1. Who has the edge in the Chauncey Billups-Chris Paul matchup?
As great as Billups is -- he has the ring, Finals MVP trophy and Mr. Big Shot moniker -- Paul is a playing at a completely different level. Five or six players in the league can dominate in every aspect of the game. Paul is one of them. If he can ratchet up his game the way he has over the last week of the season (26 points, nine rebounds, nine assists against Miami; 42, nine and seven against Dallas; 32, nine and 17 assists against Dallas again), Billups -- or anybody else on Denver for that matter -- won't stand a chance at stopping him.
2. How effective will Peja Stojakovic, Tyson Chandler and James Posey be for N.O.?

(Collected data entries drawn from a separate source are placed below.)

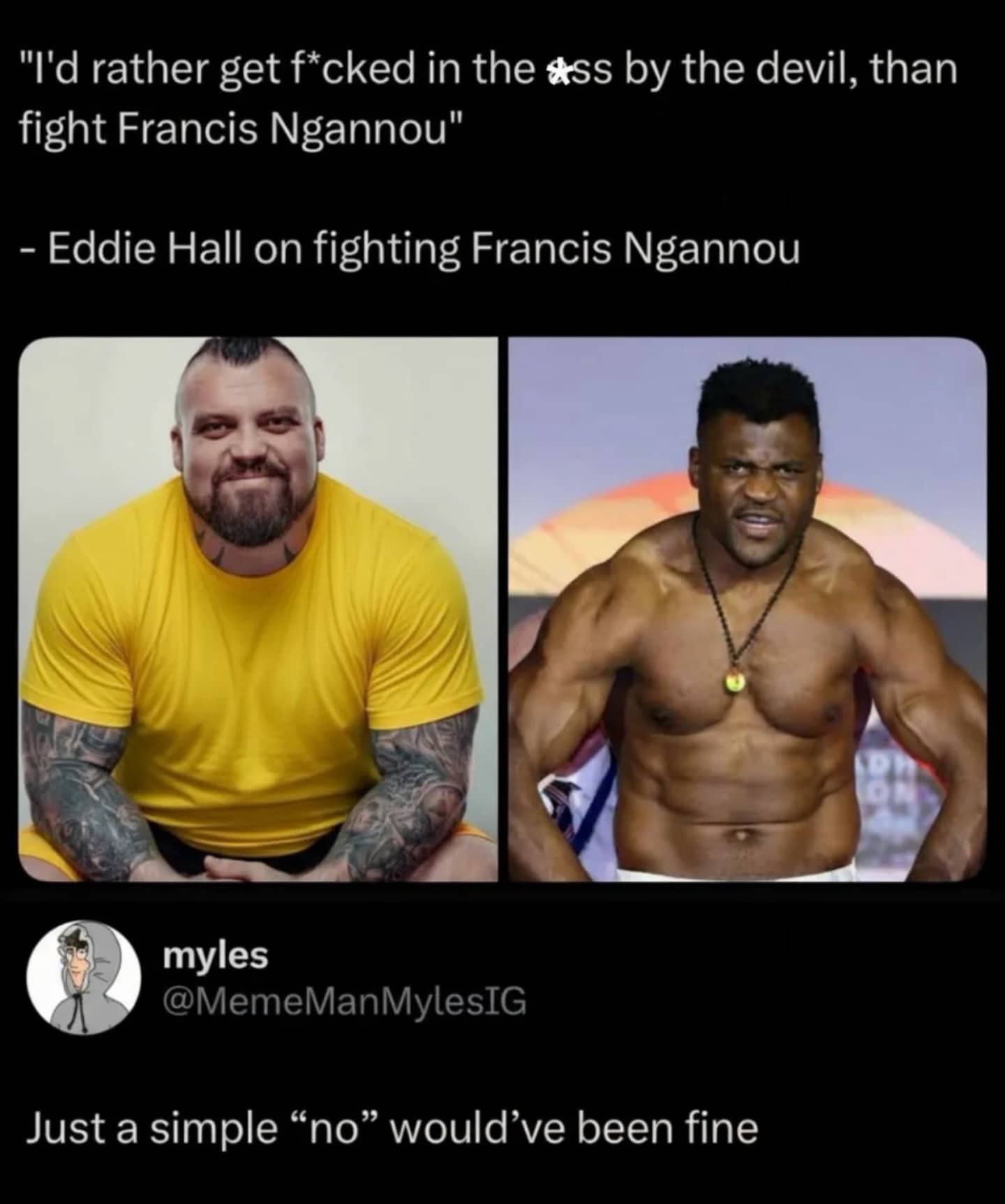 Boxing meme showing Andy Ruiz Jr. labeled as people who do drugs at Applebee’s defeating an athlete.
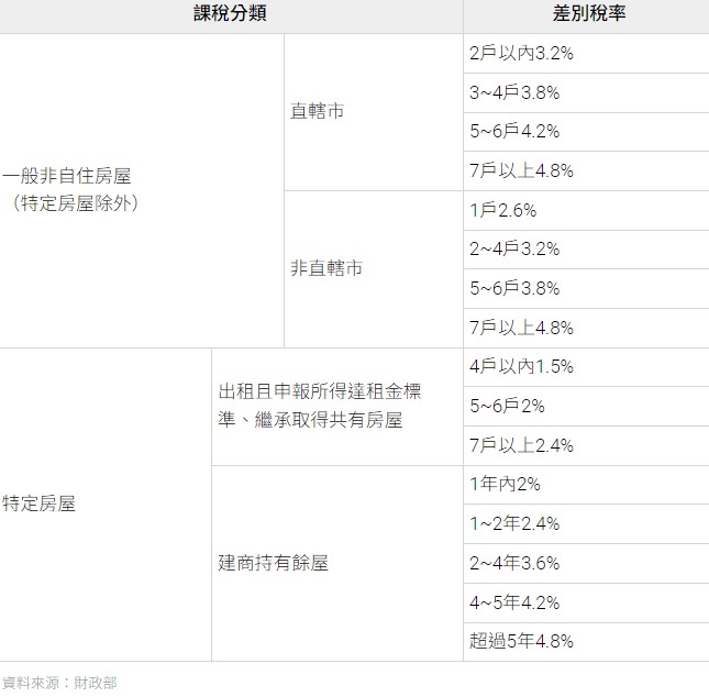 此外,非自住房屋稅率區間從1.5~3.6%,提高到2~4.8%。為了鼓勵多屋族出租,以及避免多人持分遺產被視為囤房的爭議,這兩類非自住房屋享有較低的1.5~2.4%稅率。
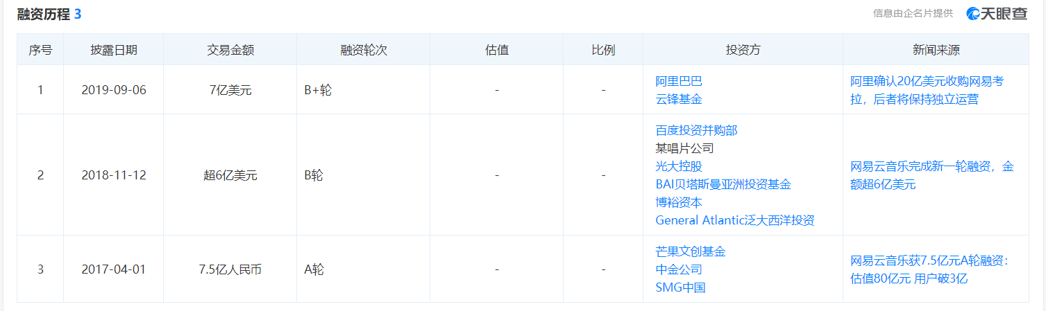 天眼查显示,网易云音乐成立于2016年,目前完成了B+轮融资,交易金额7亿美元。
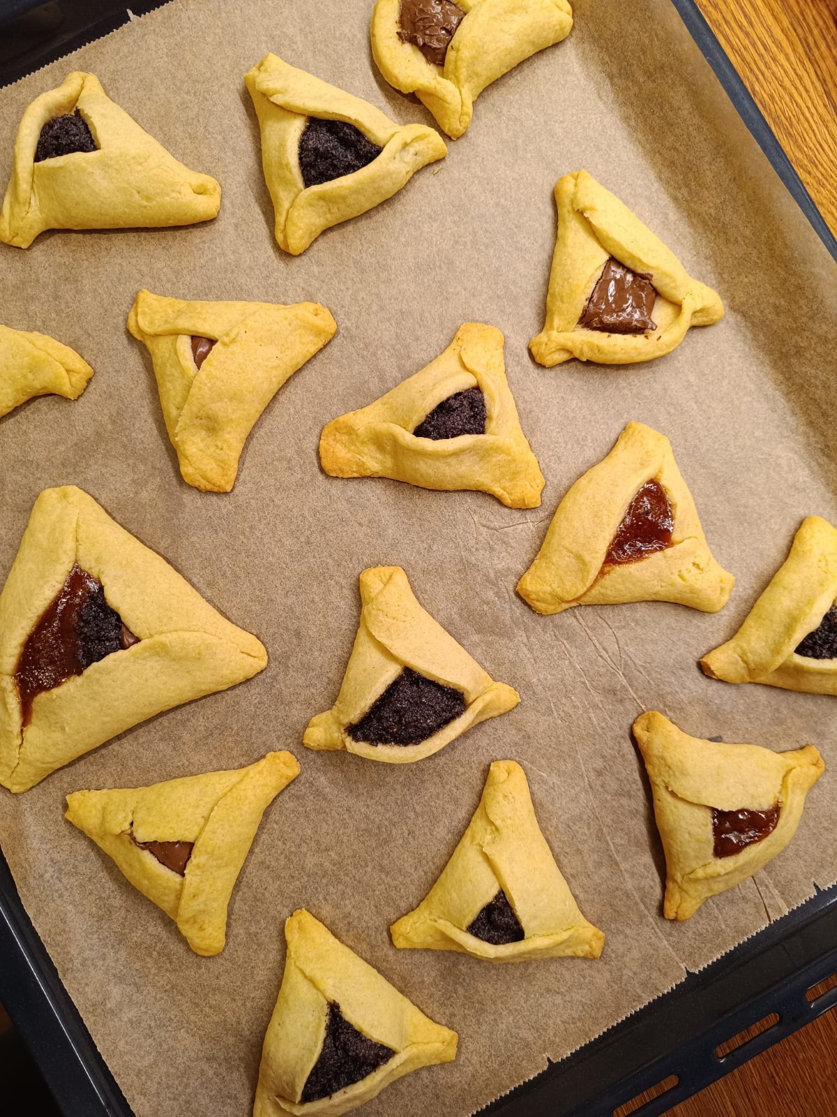 5.Pečieme na 150 - 155 asi 25 minút. Odporúčam nepiecť hamentašen pri vysokej teplote. Plnka začne vrieť a z koláčiku vyvrie.

They've missed nearly a full season's worth of games among them and each brings a vital component to the court. So, what happens if Stojakovic's back keeps him from providing a deep threat, Chandler's ankle keeps him from playing defense and Posey's elbow keeps him from doing all of the above this postseason?
All three played in the Hornets' season finale loss to the Spurs, with Stojakovic going 0-for-5 in 28 minutes, Chandler scoring 10 points but only collecting three rebounds against three turnovers in 20 minutes and Posey contributing two points, an assist and a bunch of zeros in 13 minutes.

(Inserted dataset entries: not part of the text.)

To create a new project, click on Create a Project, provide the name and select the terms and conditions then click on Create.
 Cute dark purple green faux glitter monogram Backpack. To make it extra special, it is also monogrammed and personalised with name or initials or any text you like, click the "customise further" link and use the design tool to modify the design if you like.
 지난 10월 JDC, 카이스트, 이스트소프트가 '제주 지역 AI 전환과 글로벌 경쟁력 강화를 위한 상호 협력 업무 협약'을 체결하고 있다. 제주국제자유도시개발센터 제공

Both Stojakovic and Posey had some success in the regular-season matchups with the Nuggets, while Chandler missed all four games. If they aren't at 100 percent, the burden falls even more heavily on the shoulders of Paul and David West. "We're going to need guys to step up," West told reporters. "That's just the bottom line."
3. Will the Hornets play with a sense of urgency?

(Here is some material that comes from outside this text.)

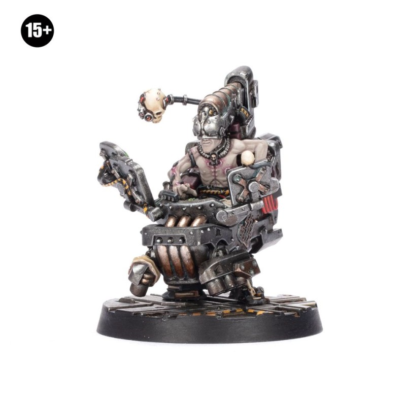 Ce kit en résine permet d'assembler Silberlant Sevos, un Mercenaire qui peut être recruté par votre gang dans les parties de Necromunda. Depuis sa chaise à suspenseurs, il offre de nombreux atouts avant, pendant et après un combat, en utilisant ses renseignements mal acquis pour vous donner l'avantage sur vos ennemis. Si vous aimez prendre l'ascendant au combat grâce à des coups bas, c'est l'homme qu'il vous faut.
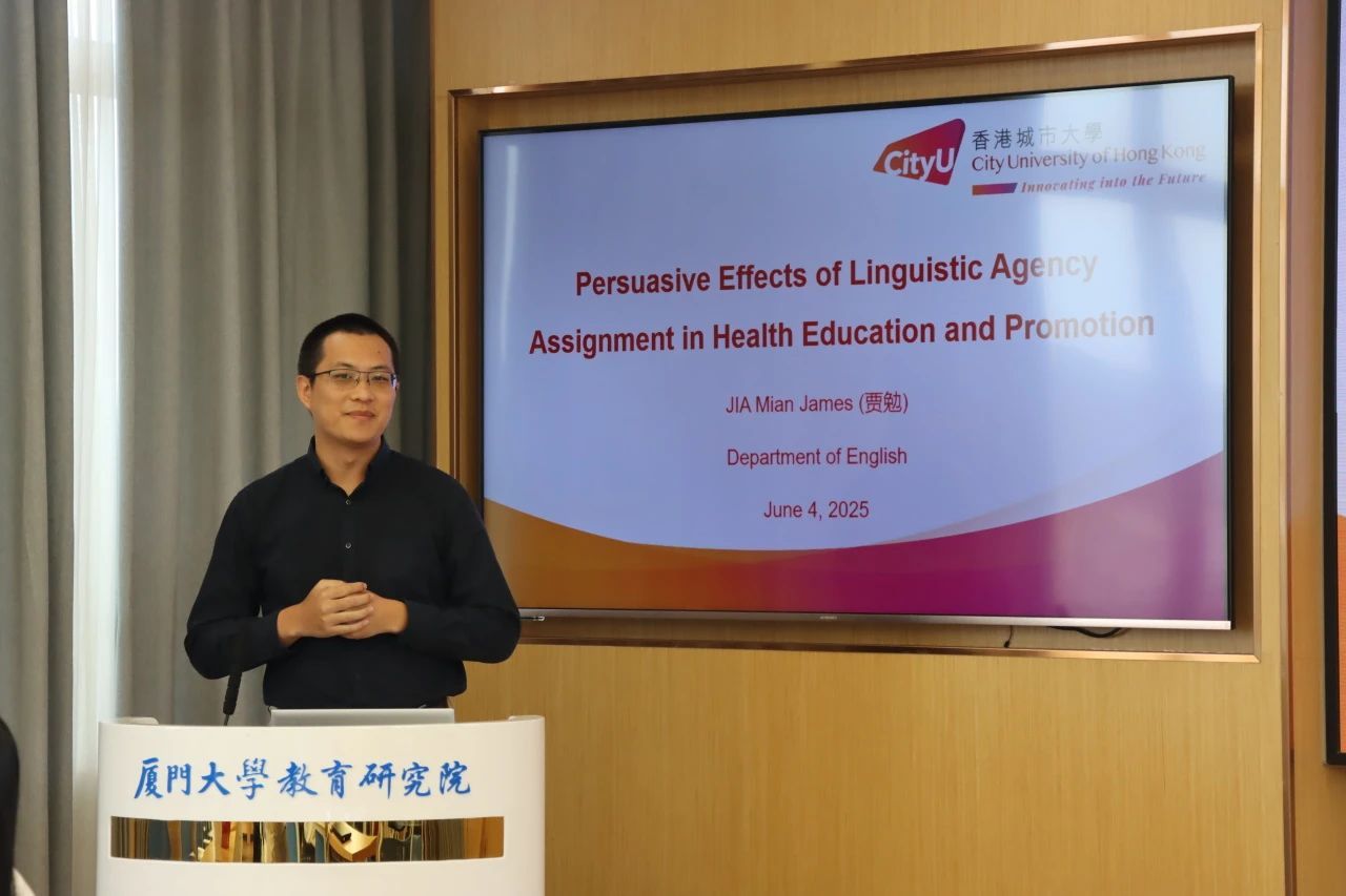 紧接着,贾勉助理教授探讨了健康传播中如何通过调整信息表述的“施事性指派”(agency assignment)影响公众对健康信息的接受度。研究发现,将健康相关话语赋予“施事性”的语言结构相比以人类为主语的表述,公众对健康威胁和应对措施有效性的认知会显著增强,从而更倾向于采取积极行为。该研究为公共卫生传播的策略设计提供了理论支持。

New Orleans tried to deal Chandler to Oklahoma City under the guise of getting two rebounders in Chris Wilcox and Joe Smith, but really the move was made in order to get under the league's luxury tax threshold. The trade was rescinded after Chandler failed the physical and the team is in the same financial quandary it was in before. With the Hornets reportedly one of the 15 teams to accept millions of dollars from the league's loan program, there is still the elephant in the room that there could be big changes looming in the offseason to dump salary.
Knowing full well that this could be the last go-round as a unit could have a galvanizing effect in the Playoffs for the Hornets.
4. What happens if Denver doesn't win?
If the Nuggets can't get out of the first round with everything on their side -- the home court, the healthy roster, the 8-2 record over their last 10 games -- you have to wonder if it will ever happen with this mix of personnel.
If they fizzle out as they did against the Lakers last season, expect wholesale changes with nobody on the roster (outside of maybe Billups) safe. Anthony already was dangled on the market last summer, and all of the goodwill built up for coach George Karl by supporters of his Coach of the Year candidacy won't save him if the Nuggets make it 0-for-6 in the first round since 2004.
5. Can anybody stop J.R. Smith?
Smith had a breakout season and was TNT analyst David Aldridge's pick for Most Improved Player after upping his averages to 15.4 points, 3.7 rebounds and 2.8 assists per game in his fifth season. Smith performed even better against the Hornets, averaging 21.3 points off the bench in the four meetings.
With a prototypical guard's body (6-foot-6, 220 pounds) and incredible strength, speed and leaping ability, Smith has the ability to take over a game. Denver was 6-2 this season when he scored 25 points or more.
Posey will be Hornets coach Byron Scott's first option to put on Smith, followed by second-year wingman Julian Wright, who earned Scott's trust late in the season while filling in when injuries plagued the roster.
Nuggets in 6. Denver is at full strength while New Orleans appears to be a team on its last legs.